The issue I had with executing versions greater than 1.2 on cygwin is
solved by the tip from Luis, thanks!
Now I have a couple of questions:
1. Are the segments backward compatible? I tried updatedb but I get
"skipping invalid segment"
2. With the same configuration, it seems Nutch-1.4 only fetches the
injected urls but nothing else. Is it smth else to configure?
[1]:
http://lucene.472066.n3.nabble.com/Problem-running-Nutch-on-Win-7-Cygwin-td3487163.html
From Nutch 1.2 to 1.4
Posted by remi tassing <ta...@gmail.com>.
Hi,
1. Freegen won't keep.the db_fetched and db_unfetched info, right?
2. I think it works. My seed was one URL, the first crawl was a
redirection, second crawling one page, 3rd onwards many pages
Remi
On Tuesday, January 31, 2012, Lewis John Mcgibbney <
lewis.mcgibbney@gmail.com> wrote:
> Hi Remi,
>
>
>>
>> 1. Are the segments backward compatible? I tried updatedb but I get
>> "skipping invalid segment"
>>
> In all honesty I've not tried this!
> Is it possible to use readseg -dump to get a text file then use freegen to
> generate new segments to fetch???
>
>
>> 2. With the same configuration, it seems Nutch-1.4 only fetches the
>> injected urls but nothing else. Is it smth else to configure?
>>
>> Can you be more specific please? I'm not sure what you mean, can you
> provide some log output or data relating to injected and fetched urls
> within the crawldb?
>
>
>
> --
> *Lewis*
>
Re: From Nutch 1.2 to 1.4
Posted by Lewis John Mcgibbney <le...@gmail.com>.
Hi Remi,
>
> 1. Are the segments backward compatible?

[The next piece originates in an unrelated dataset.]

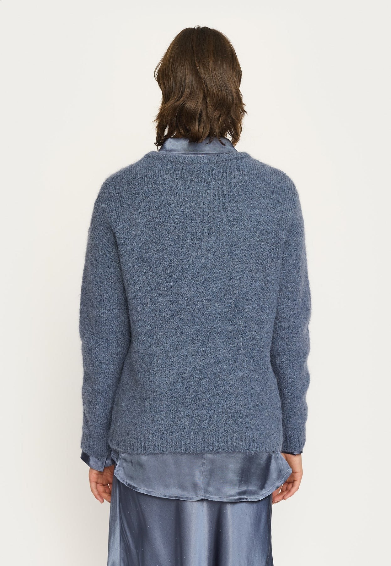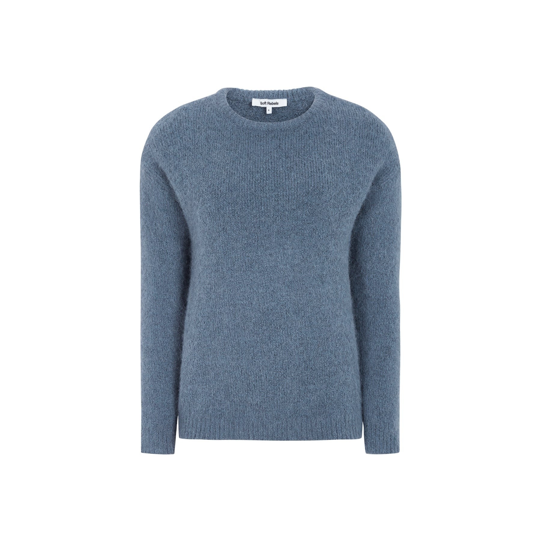 Deze blauwe knit biedt knusse elegantie en is ontworpen voor warmte en comfort tijdens de herfst. Het gebreide item is gemaakt van een zachte, luxe mix van alpaca, nylon, acryl en spandex. De veelzijdige trui is perfect om te layeren of om op zichzelf te dragen.
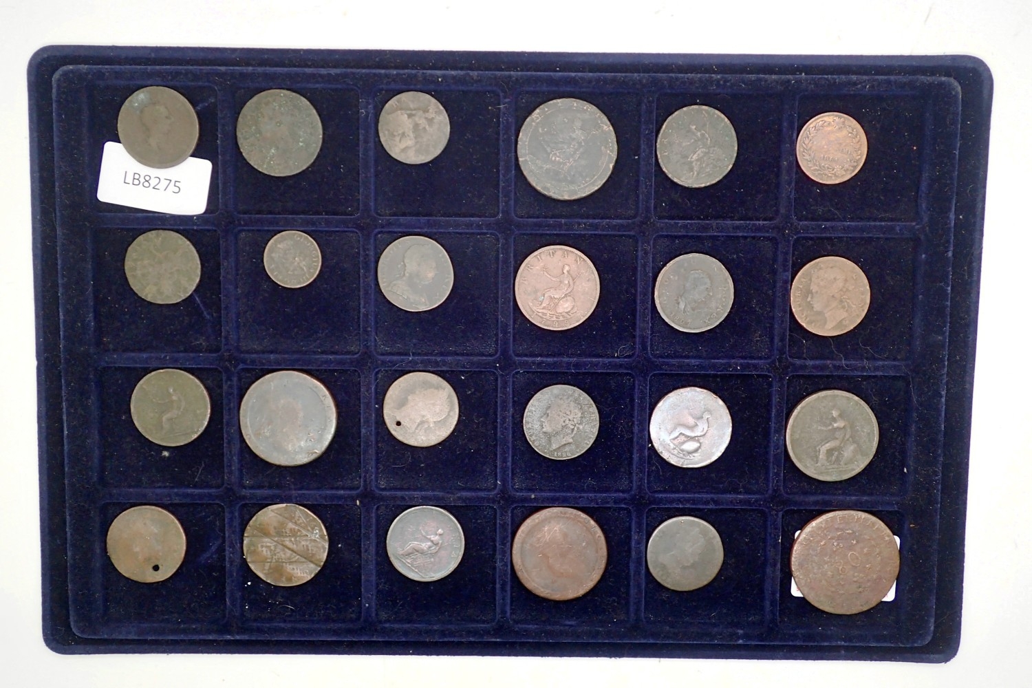 Twenty four early milled coins mostly George III. UK P&P Group 1 (£18+VAT for the first lot and £2+VAT for subsequent lots)

I tried updatedb but I get
> "skipping invalid segment"
>
In all honesty I've not tried this!
Is it possible to use readseg -dump to get a text file then use freegen to
generate new segments to fetch???
> 2. With the same configuration, it seems Nutch-1.4 only fetches the
> injected urls but nothing else. Is it smth else to configure?
>
> Can you be more specific please? I'm not sure what you mean, can you
provide some log output or data relating to injected and fetched urls
within the crawldb?
--
*Lewis*